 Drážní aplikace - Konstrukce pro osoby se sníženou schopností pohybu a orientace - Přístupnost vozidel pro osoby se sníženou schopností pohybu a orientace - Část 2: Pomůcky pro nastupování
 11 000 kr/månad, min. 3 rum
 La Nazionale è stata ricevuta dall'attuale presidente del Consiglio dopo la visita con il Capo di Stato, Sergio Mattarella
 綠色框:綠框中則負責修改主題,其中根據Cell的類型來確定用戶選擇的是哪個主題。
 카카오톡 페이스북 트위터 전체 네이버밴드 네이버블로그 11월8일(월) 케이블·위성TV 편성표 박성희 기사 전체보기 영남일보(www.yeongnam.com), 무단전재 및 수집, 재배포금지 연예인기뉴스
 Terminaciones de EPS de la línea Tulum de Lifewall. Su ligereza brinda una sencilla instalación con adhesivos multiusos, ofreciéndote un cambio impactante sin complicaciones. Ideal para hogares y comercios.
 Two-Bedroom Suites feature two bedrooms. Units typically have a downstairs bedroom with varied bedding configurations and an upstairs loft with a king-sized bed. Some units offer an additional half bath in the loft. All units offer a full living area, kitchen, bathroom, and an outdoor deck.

━━━

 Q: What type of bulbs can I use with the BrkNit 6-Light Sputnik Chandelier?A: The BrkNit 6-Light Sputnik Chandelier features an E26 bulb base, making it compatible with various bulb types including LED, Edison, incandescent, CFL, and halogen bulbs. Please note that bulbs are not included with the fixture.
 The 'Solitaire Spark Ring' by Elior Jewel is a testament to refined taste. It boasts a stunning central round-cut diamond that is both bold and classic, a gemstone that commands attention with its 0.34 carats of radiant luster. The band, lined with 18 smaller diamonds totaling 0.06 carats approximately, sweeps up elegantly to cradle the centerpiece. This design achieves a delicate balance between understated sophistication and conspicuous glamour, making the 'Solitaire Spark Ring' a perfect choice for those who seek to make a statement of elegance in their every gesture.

━━━

The problem: Retype, in the same exact form, the lines of the material above from the line holding "11 000 kr/månad, min. 3 rum" through the line holding "Two-Bedroom Suites feature".

Written response:
 11 000 kr/månad, min. 3 rum
 La Nazionale è stata ricevuta dall'attuale presidente del Consiglio dopo la visita con il Capo di Stato, Sergio Mattarella
 綠色框:綠框中則負責修改主題,其中根據Cell的類型來確定用戶選擇的是哪個主題。
 카카오톡 페이스북 트위터 전체 네이버밴드 네이버블로그 11월8일(월) 케이블·위성TV 편성표 박성희 기사 전체보기 영남일보(www.yeongnam.com), 무단전재 및 수집, 재배포금지 연예인기뉴스
 Terminaciones de EPS de la línea Tulum de Lifewall. Su ligereza brinda una sencilla instalación con adhesivos multiusos, ofreciéndote un cambio impactante sin complicaciones. Ideal para hogares y comercios.
 Two-Bedroom Suites feature two bedrooms. Units typically have a downstairs bedroom with varied bedding configurations and an upstairs loft with a king-sized bed. Some units offer an additional half bath in the loft. All units offer a full living area, kitchen, bathroom, and an outdoor deck.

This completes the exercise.